Again, the overall profile here makes is it clear that most of those leaving voluntarily had high job satisfaction (4-5 on both measures).

The “problem” is simply that the vast majority of our workers report high job satisfaction. As a result, most of those leaving necessarily end up coming from this set despite their lower overall voluntary turnvover rates.

## Final Thoughts

Leading indicators are extremely valuable, whether we are talking about HR issues or broader economic factors like labor market participation or existing home sales.

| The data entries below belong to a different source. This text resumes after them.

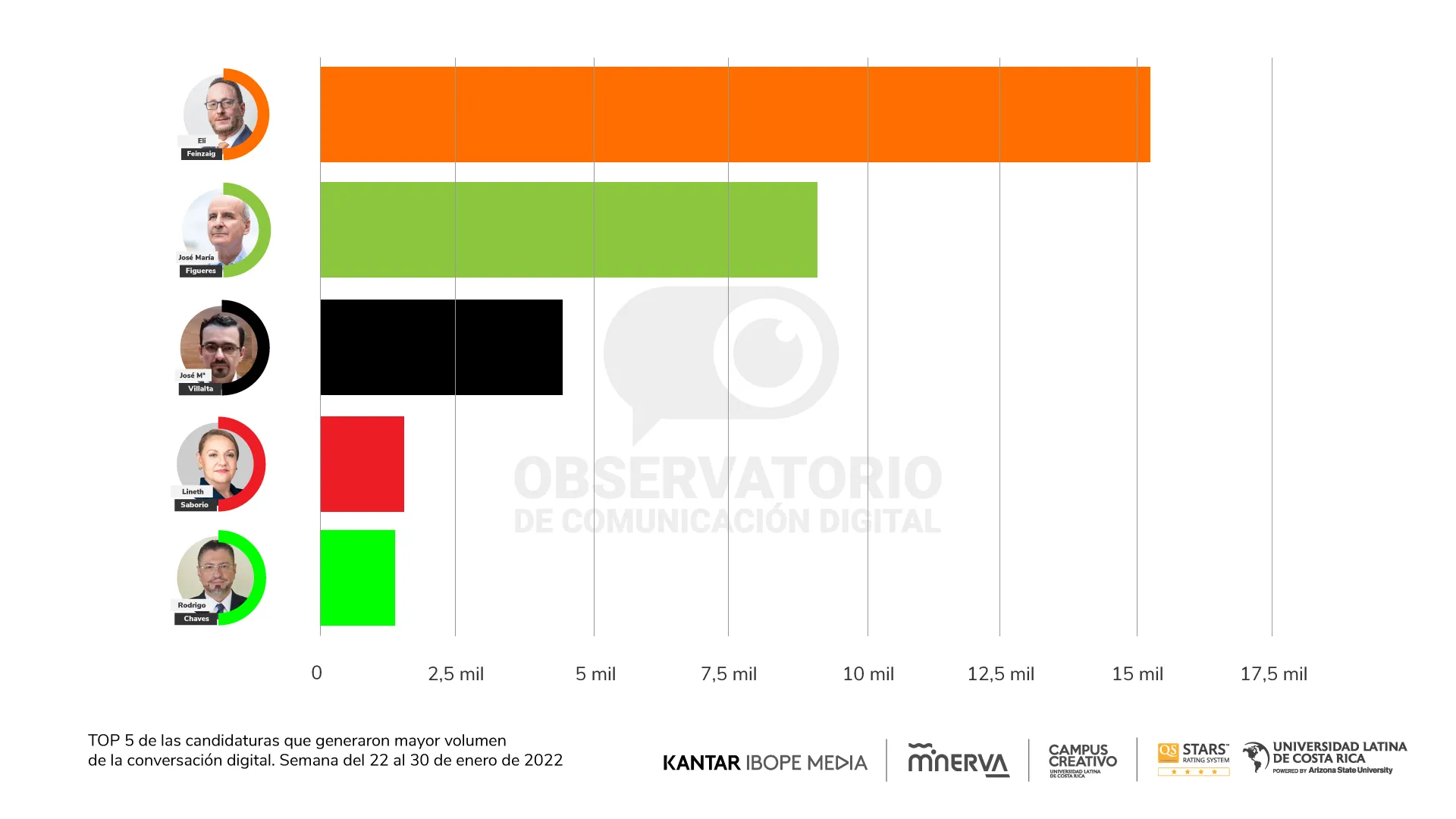 Durante las casi 3 horas de debate, generó un volumen de 6.570 menciones para los candidatos participantes. Siendo Eli Feinzaig quien más menciones recibió con 1.940, en segundo lugar Lineth Saborío con 1.493 y en tercer lugar José María Villalta con 1.235 menciones.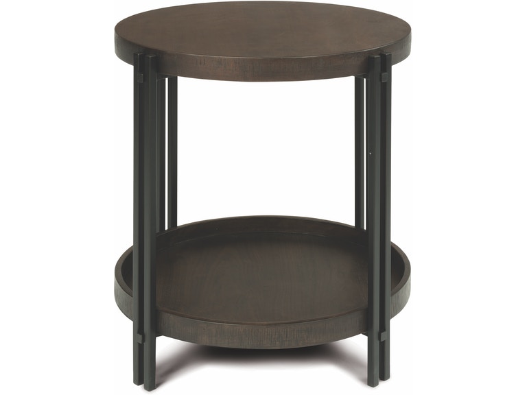 Place decorative lighting right where you need it with the Prairie lamp table. This table’s round frame has a spacious surface to hold a lamp, beverages and other essentials, while the open tray-style shelf below offers an additional area to stack books or display decor. Sleek in design, this Prairie table combines the contemporary appeal of gunmetal finished metal with the rich tones and textures of dark walnut veneer and rough-sawn edge banding for a striking mixed-media look.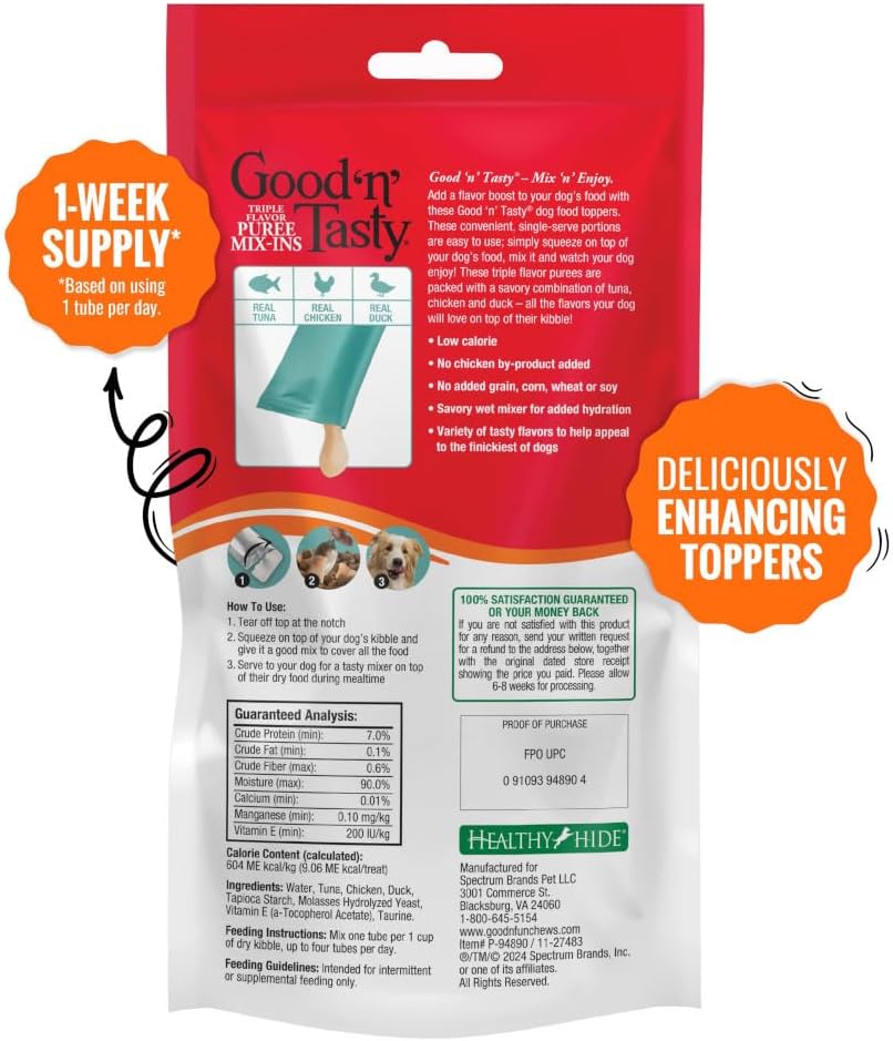 - DOG FOOD TOPPER TREATS: Good ‘n’ Tasty Triple Flavor Puree Mix-Ins enhance kibble’s taste and add flavor and protein to your pet's daily diet.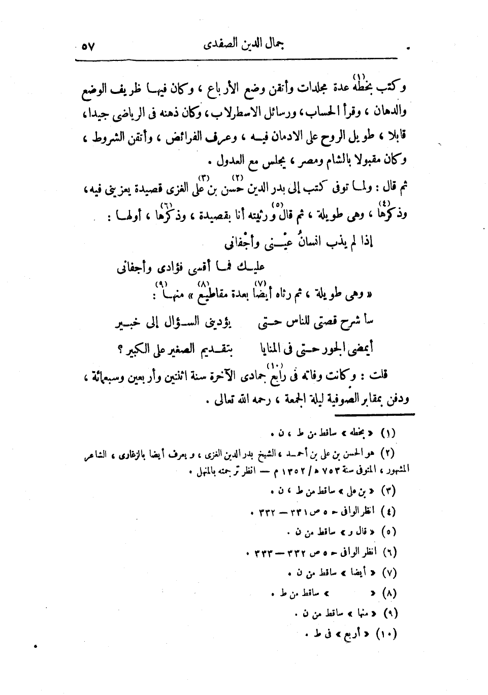 ثم قال: ولما توفي كتب إلى بدر الدين حسن بن علي الغزي قصيدة يعزيني فيه، وذكرها، وهي طويلة، ثم قال ورثيته أنا بقصيدة، وذكرها، أولها:
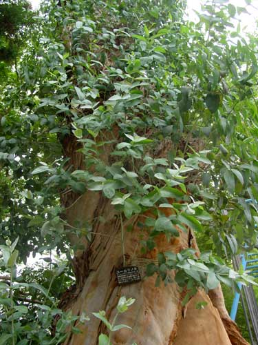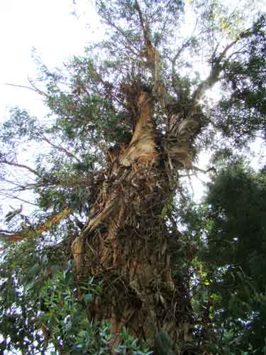 ユーカリノキは、フトモモ科の常緑高木で、樹高約20m、株元周5.4m、推定樹齢約110年で、コアラの食料としても知られ、主に、オーストラリア南東端部とタスマニア島に分布しています。成長が早いので世界各地で造林用に用いられ、公園などに広く植えられています。ユーカリノキは明治になってから、日本に輸入されはじめ、このユーカリノキは、大正初めに相生港近くの木材商の木材置き場にあったものを、その後、相生小学校の校庭に移されたものです。腐敗部もありますが木の勢いは盛んで、その大きさから県内でもトップクラスの巨木です。
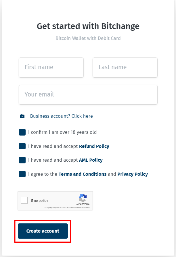 Fill in the fields with your first and last name, and enter your email.Then you need to carefully read and accept all the conditions in order to continue and click on the "Create Account" button.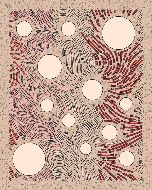 Created with Javascript and p5js. Each bar steers clear of the other bars and balls. This is an experiment in which I admittedly invested a little too much time. The numerous variables, factors, and variants ensure that each mint has a distinct outcome.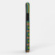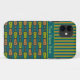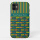Un Funda de moda-funda Mate Xtreme a personalizar para tu smartphone iPhone 5/5s, con un tibio patrón tribal en Naranja-Rojo, Amarillo-Verde y Negro en un fondo Verde azulado, en equipo con un patrón a rayas coincidente. Parte de la colección "Tambores de la jungla" de Pintorly y Pintorly.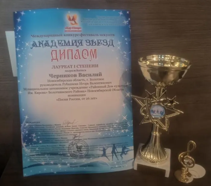 Василий Черников, солист народного вокального ансамбля "Сибирский Сказ" (рук. И. Рубашкин) стал Лауреатом 1 степени на международном конкурсе-фестивале искусств "Академия звёзд" в г. Москве. В номинации "Песни о России" Василий исполнил песню "Родина", покорив как зрителей, так и членов жюри. Хочется отметить, что наш артист-единственный участник, представлявший Сибирский Федеральный округ. Поздравляем Василия с такой высокой заслуженной наградой!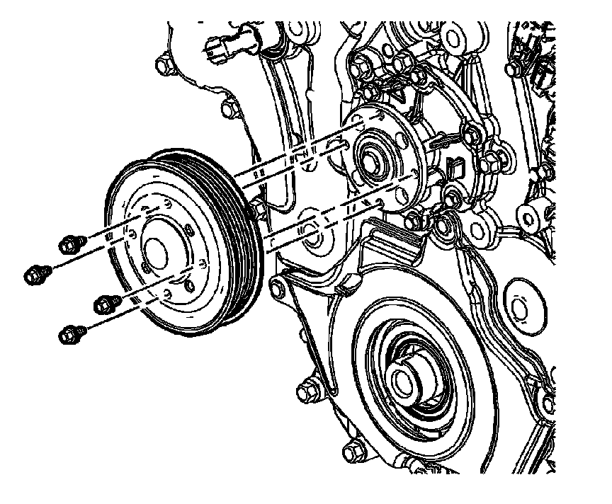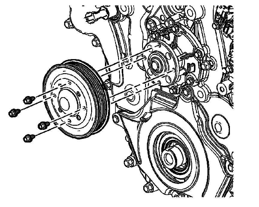 Tighten the water pump pulley bolts to 10 Nm (89 in. lbs.).

But when looking at group differences for these leading indicators, be sure to take account of both the probabilities and group size.

Visualizations that capture group size (like the scatterplots here) can help you spot meaningful differences that you might miss if you focus only on probabilities and rates.

Looking at both will help you determine where you need to focus your intervention and measurement efforts.

If we ignore group sizes, we might be surprised to find that most of our problems arise from the least likely places.